I get what I can get from the rotund metal globes, the hunky iron orbs, the solid steel spherical globs at our densely forested fortress. What some folks call farmer walks, I, a true bomber, call cannonball carries.

Have Cannonballs -- Will Carry

The day after my first kettlebell workout my body ached like someone done whooped me wit a stick. My traps and neck throbbed agreeably (only muscleheads stick throb and agreeable side by side in the same sentence), my hips and butt felt black and blue (only muscleheads feel color) and my lower back yelped like a tormented badger (muscleheads, tormented badger -- who can tell the difference?).

Curiously, yet understandably, I’m able to walk more comfortably, stably and correctly under the weight of the kettlebells -- 35 pounds in each hand -- than I am able to walk unburdened. The load forces me into a more natural gait as I recruit those muscles intended to do the job right. The grin I wear indicates the glee of hope.

I tingle with pain. There’s hope. Life is good.

Now is the time to launch the tingling, hope-induced good-life pleasure principle, a slight modification of my life-long methodology, train-til-you-drop. Flogging ourselves was fun when we were kids, and there’s evidence it works, but it’s counterproductive after age 50 or 60.

In an effort to beat the growing summertime traffic, I’ve been going to the gym immediately after lunch. Lo and behold, old faces I haven’t seen in years stare back at me like the grisly creature of time has tracked them down and flogged them with a rubber hose. Yikes, what a homely crew... hope the treacherous ‘time thing’ has been accosted, subdued and is no longer on the prowl. I keep my head down.
 
I’m amused how I look out of these eyes as if they were still nestled in the cheekbones of a 20-year-old. I’m not sure that’s a good thing. The mind is young, but the body’s sprung.

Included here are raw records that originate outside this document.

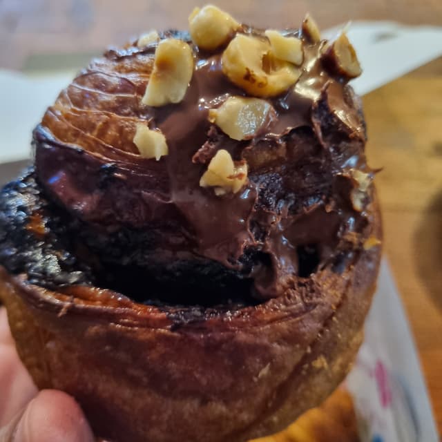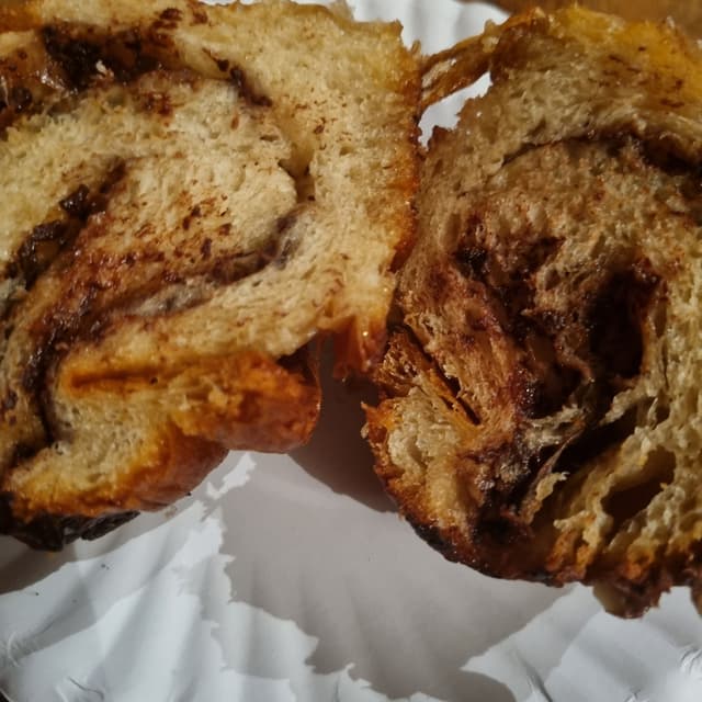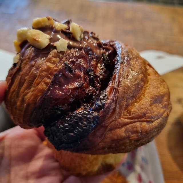 This was unfortunately rather disappointing. The bun was burnt a little on top and there wasn’t nearly enough chocolate spread in it (only really what is visible on top). The spread and hazelnuts were lovely but they made up a fairly small part of this bun so overall it wasn’t a great purchase. #veganismisjustice #veganfortheanimals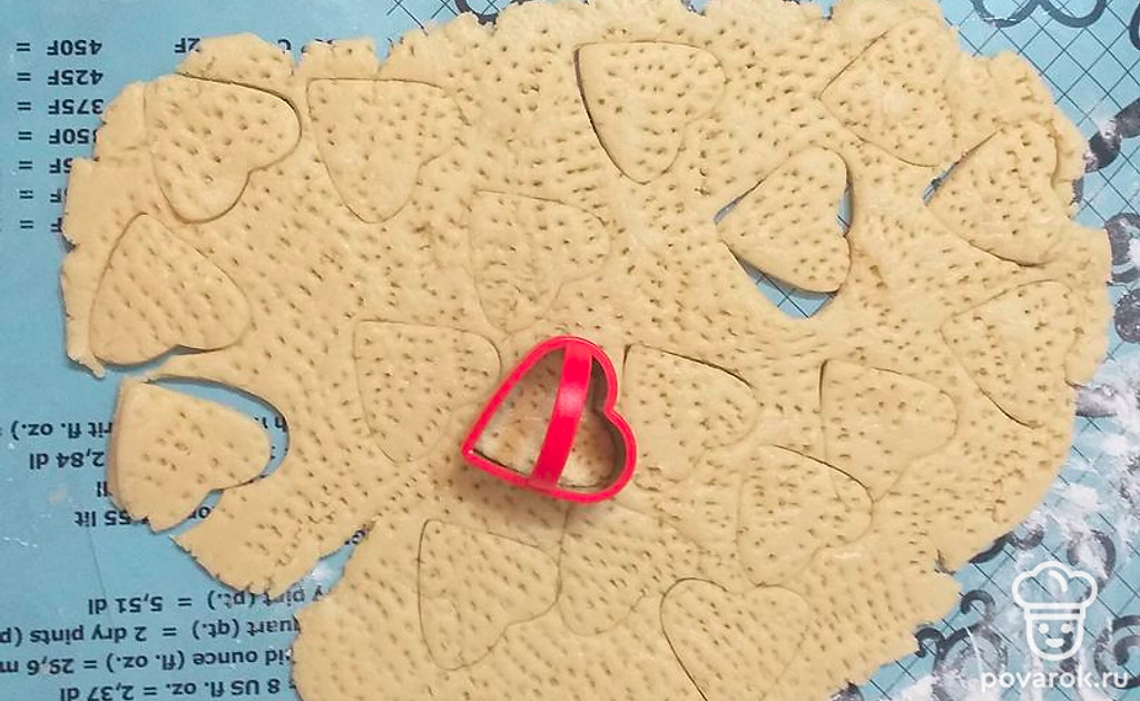 Раскатать пласт толщиной 0 5 сантиметра, нанести дизайн вилкой. С помощью формочек для теста вырезать печенье.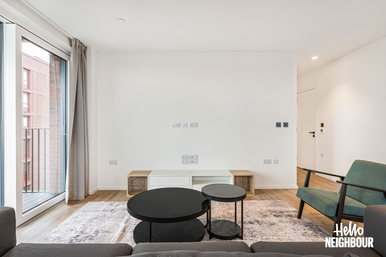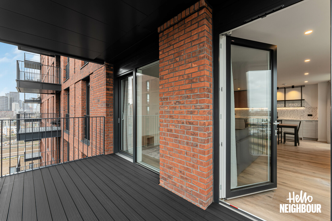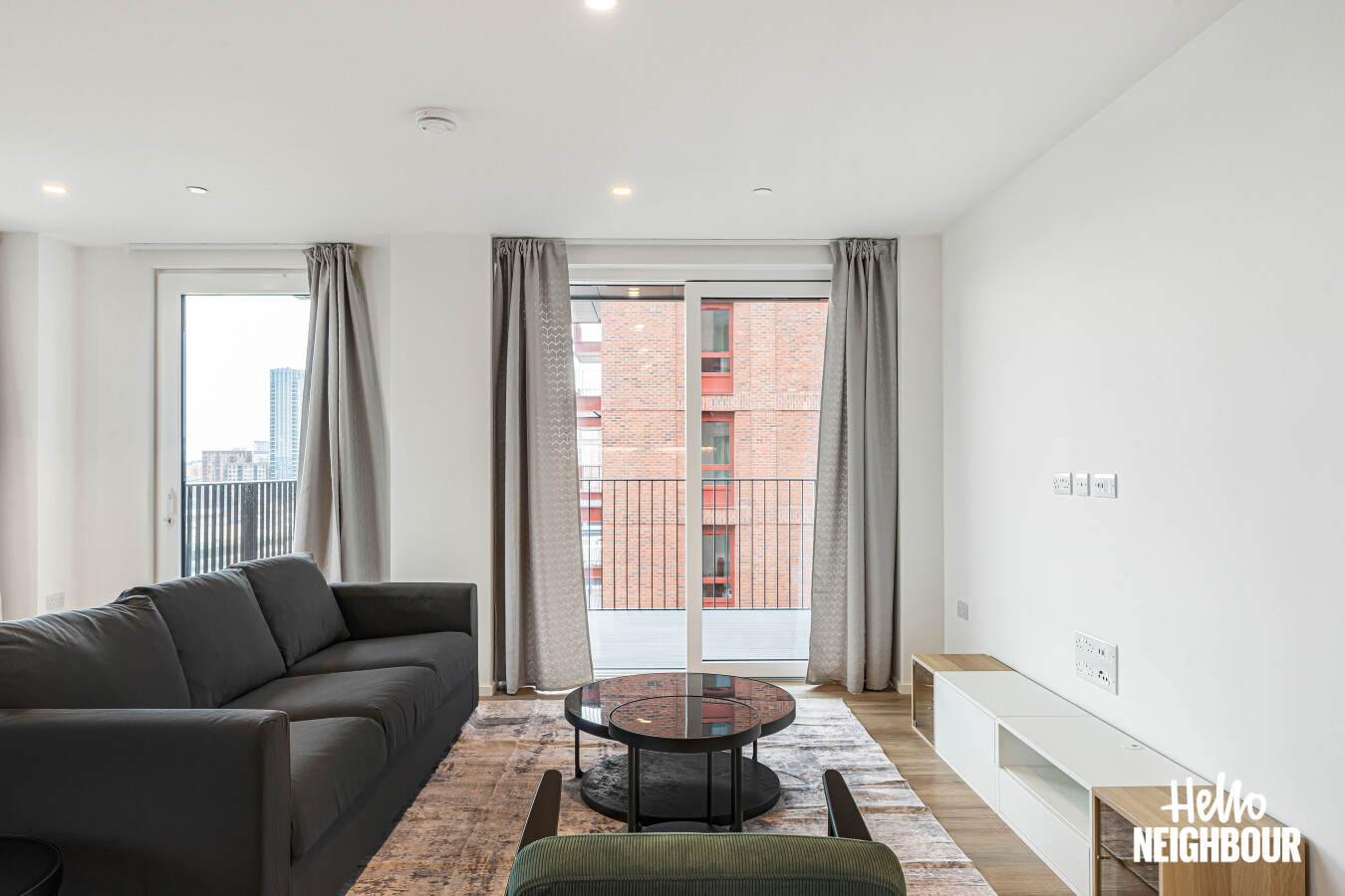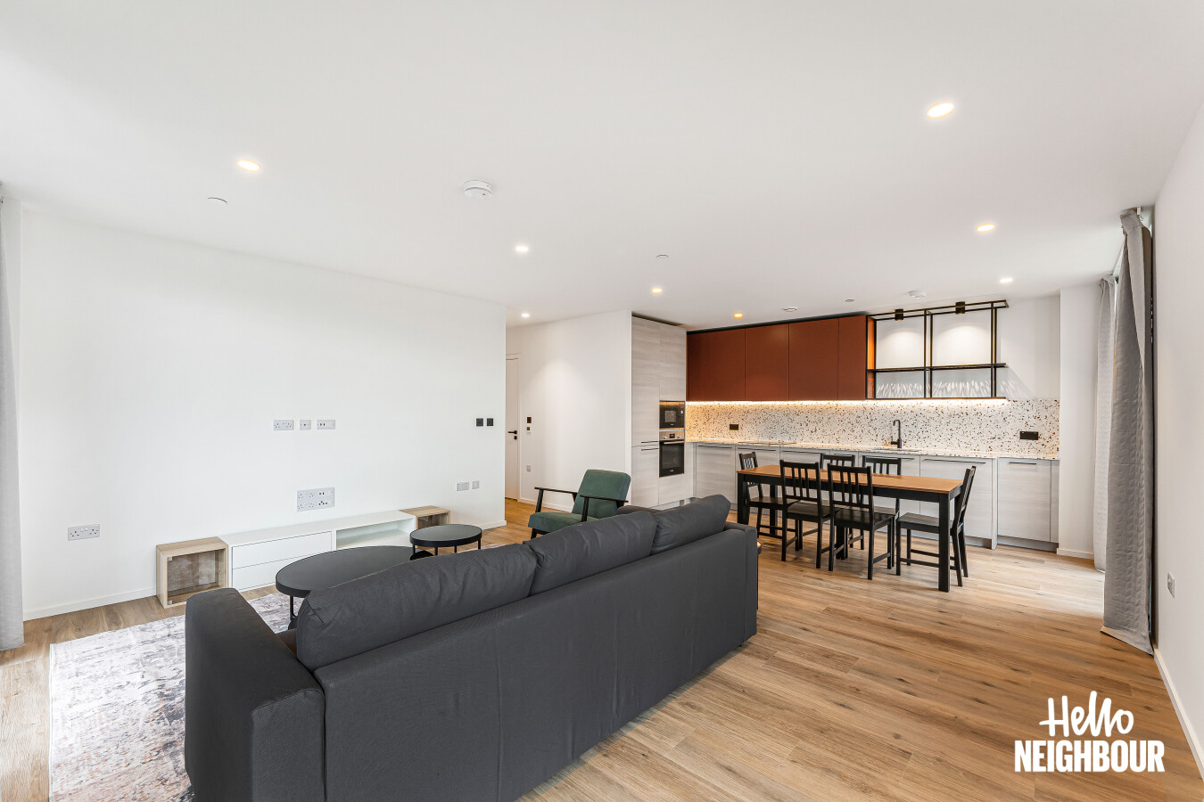 Hello Neighbour are delighted to present this brand new, fully furnished 2-bedroom, 2-bathroom apartment with a large private balcony, located within the highly sought-after Aberfeldy Village development, E14.\n\nSituated on an upper floor, the property offers a bright and spacious open-plan kitchen and reception area, finished to a high contemporary standard. Floor-to-ceiling windows allow excellent natural light throughout and provide access to a generous private balcony boasting impressive far-reaching views, ideal for relaxing or entertaining.\n\nThe modern integrated kitchen features sleek cabinetry, stone worktops, and built-in appliances, complemented by a dedicated dining area and stylish furnishings throughout the living space.\n\nBoth bedrooms are well-proportioned doubles, with the main bedroom benefiting from built-in wardrobes and a contemporary en-suite shower room. A second modern bathroom serves the remainder of the apartment, finished with high-quality tiling and fittings.\n\nOffered fully furnished with upmarket furniture, the apartment is ready to move into and perfectly suited to professionals seeking modern riverside living. Residents also benefit from a concierge service and well-maintained communal surroundings within this popular new development.\n\nLocated in Aberfeldy Village, the property enjoys easy access to local amenities, riverside walks, and excellent transport links into Canary Wharf and Central London.\n\nPets: Sadly not permitted\nParking: Not available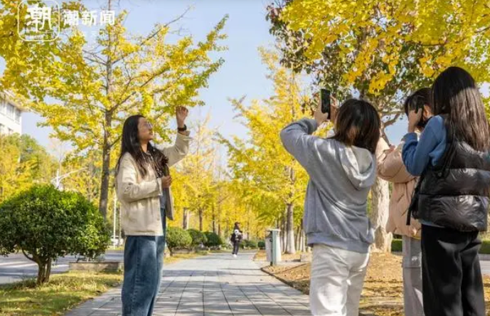 11月14日,浙江農林大學的“銀杏大道”上,前來賞秋的同學和游客絡繹不絕。浙江農林大學是國家生態文明教育基地,校園里擁有3300多種植物,植物種類位居全國高校第一。該校東湖校區的“銀杏大道”,種植了近千棵銀杏樹,每到秋天銀杏葉一片金黃,師生們不出校園就可以欣賞到美麗的秋景。今年校園無須預約,校外游客也可以進入賞景打卡拍照。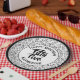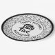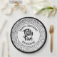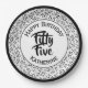 This over-the-hill design has a black and white random number pattern with a black  milestone number 55 repeated in varied sizes and angles over a white background.  There is a white circle in the centre for your text, and black and white rings around the rim.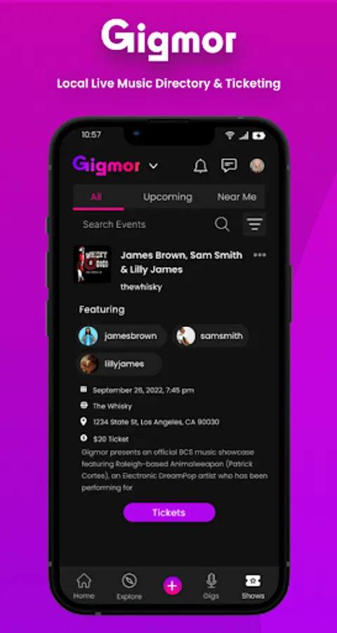 Gigmor helps music fans discover live music in their area, as well as new artists and like-minded fans.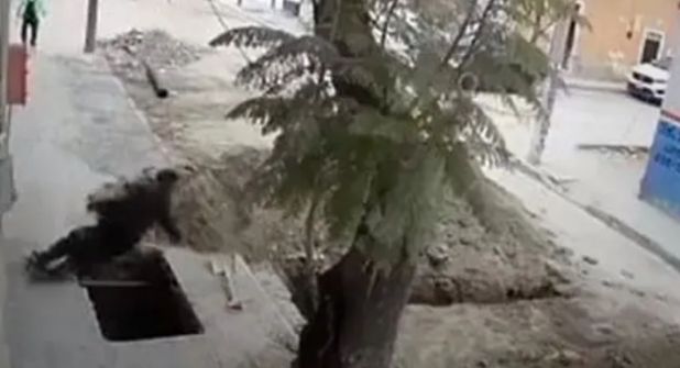 A través de redes sociales se viralizó el momento en el que un abuelito cayó dentro de una coladera abierta, fracturándose la pierna al tropezarse con el peligroso obstáculo.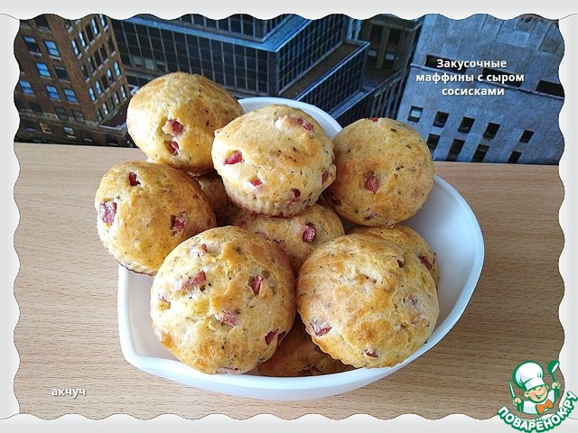 Рецепт «Закусочные маффины с сыром и сосисками»: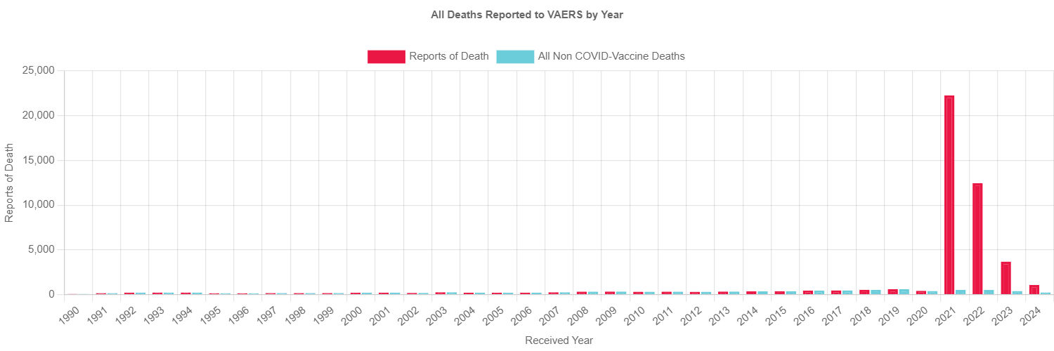 The US Vaccine Adverse Event Reporting System (VAERS) shows that Covid vaccines have caused more injuries and deaths than all other vaccines combined over the past 30 years. As of 2 August 2024, there had been 1,644,248 reports of adverse events and 37,814 reported deaths from Covid vaccines in the United States. However, most adverse events are not reported at all, and the real total is estimated to be about 40 times higher than the number reported. Autopsies reveal that between 30% and 93% of deaths attributed to Covid vaccines are actually caused by the vaccines.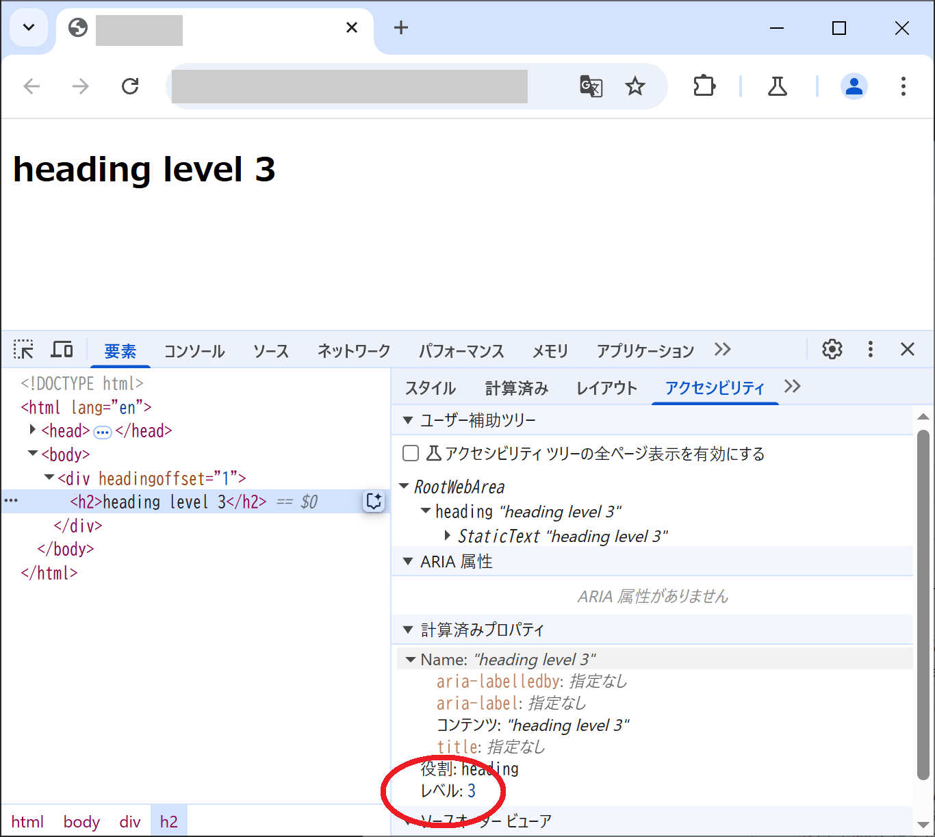 body > div[headingoffset=1] > h2 な見出し要素を選択した様子。アクセシビリティパネルの計算済みプロパティにはレベル: 3と表示されている。
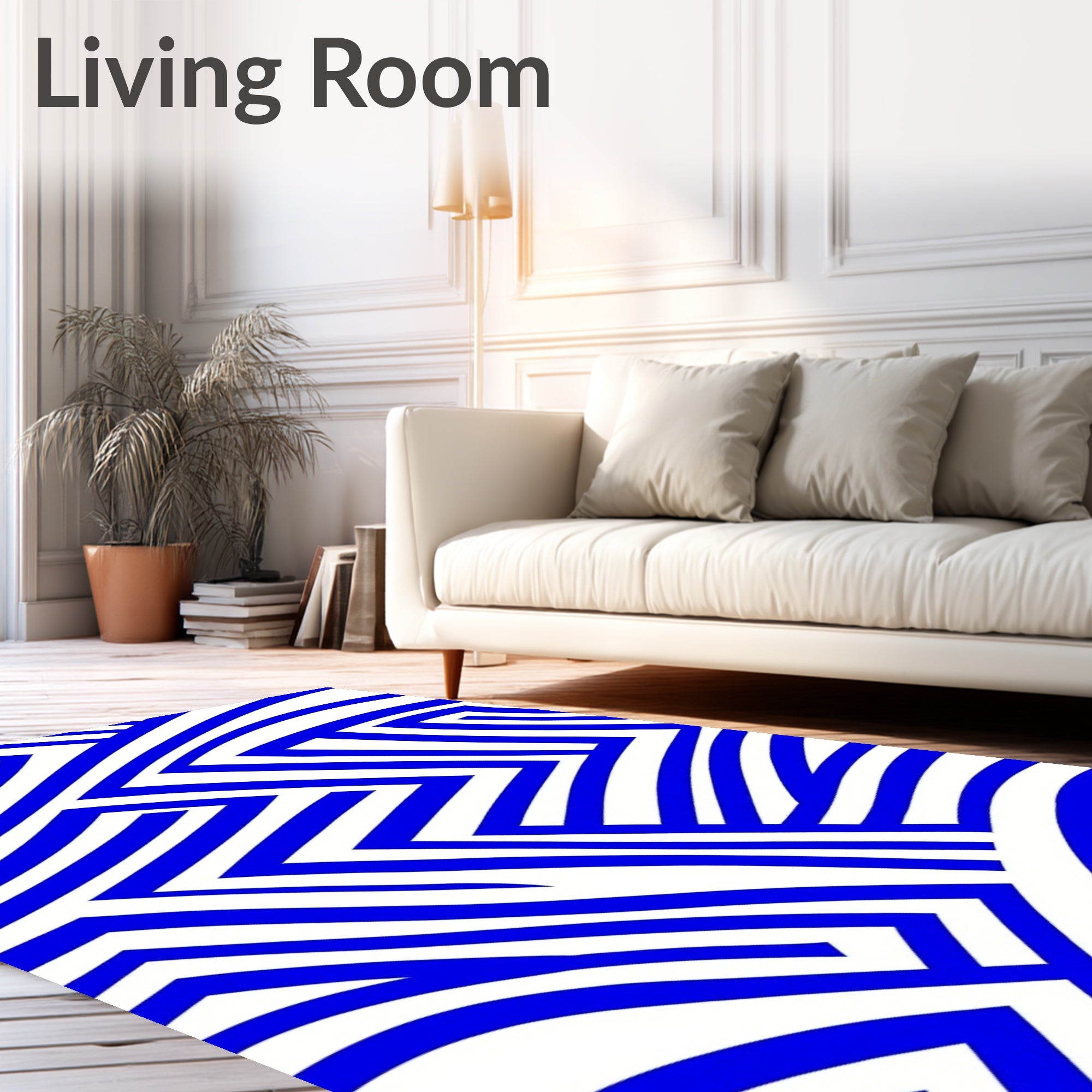 Ultra Soft Area Rug, Non Slip, Stain Resistant, Washable Area Rugs for Living Room, Bedroom, Abstract Chevron Zigzag Design with Bold Striped Accents(Blue) Overview: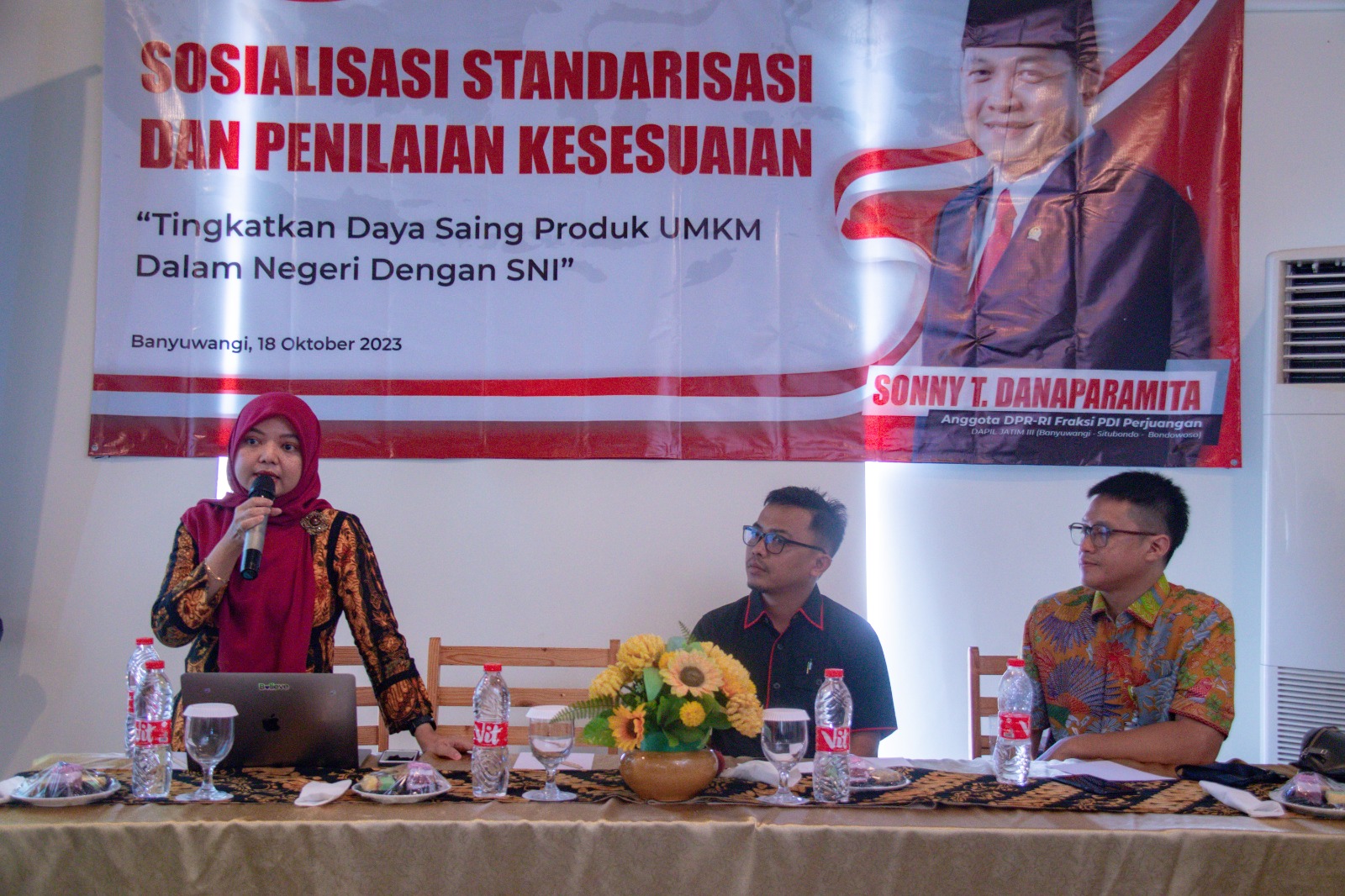 Sonny menyampaikan, para pelaku UMKM di kabupaten Banyuwangi harus memahami pentingnya sertifikat Standar Nasional Indonesia (SNI) agar dapat meningkatkan mutu, kualitas, dan daya saing produk UMKM. Selain itu untuk menciptakan kepercayaan konsumen, sehingga pelaku UMKM tidak perlu ragu dalam melakukan standardisasi produk, agar dapat segera merasakan manfaatnya.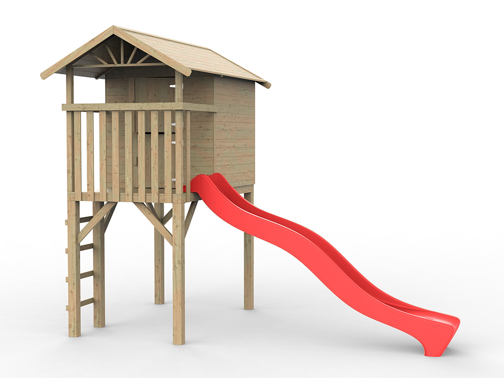 | Contenu de la livraison: | Maisonnette sur pilotis Tree Hut, échelle, volets, véranda, poignée, instructions de montage détaillées, toboggan rouge |

A pair of 50-something guys were training fast and furious. They dashed frantically from exercise to exercise like their pants were on fire and tugged fanatically on the weights like thugs in a street fight. Funny, I thought, but no one was laughing. 

Staying clear of their shenanigans, I pretended to untangle my adjustable aluminum cane from the stupid squat rack while I covertly observed their training MO, a style I call Flogging. I’m a SA (Stealth Agent Double-0-68) working for the MBI (Musclebuilding Bureau of Investigations). The duo’s methodology was suspicious and dangerous and dumb.

Strike me if I judge, bombers, but I learned how not to train during the uncertain training sessions of recent years when the body gently yet insistently, persuaded me to relax my grip on the iron I know so well, yet squeeze it for all its worth to know it better. Initially, I resisted. Today, I’m a believer.

Lighter weight, maximum muscle exertion.

The body, should we listen, has various voices, each with a distinctive timber: blast it, bomb it, press on, fight the good fight, push that iron, lift that steel, never let go and no flogging.

The lattermost voice speaks loudest when the hearing begins to fade. No Flogging. Do Not Flog. Flog Not.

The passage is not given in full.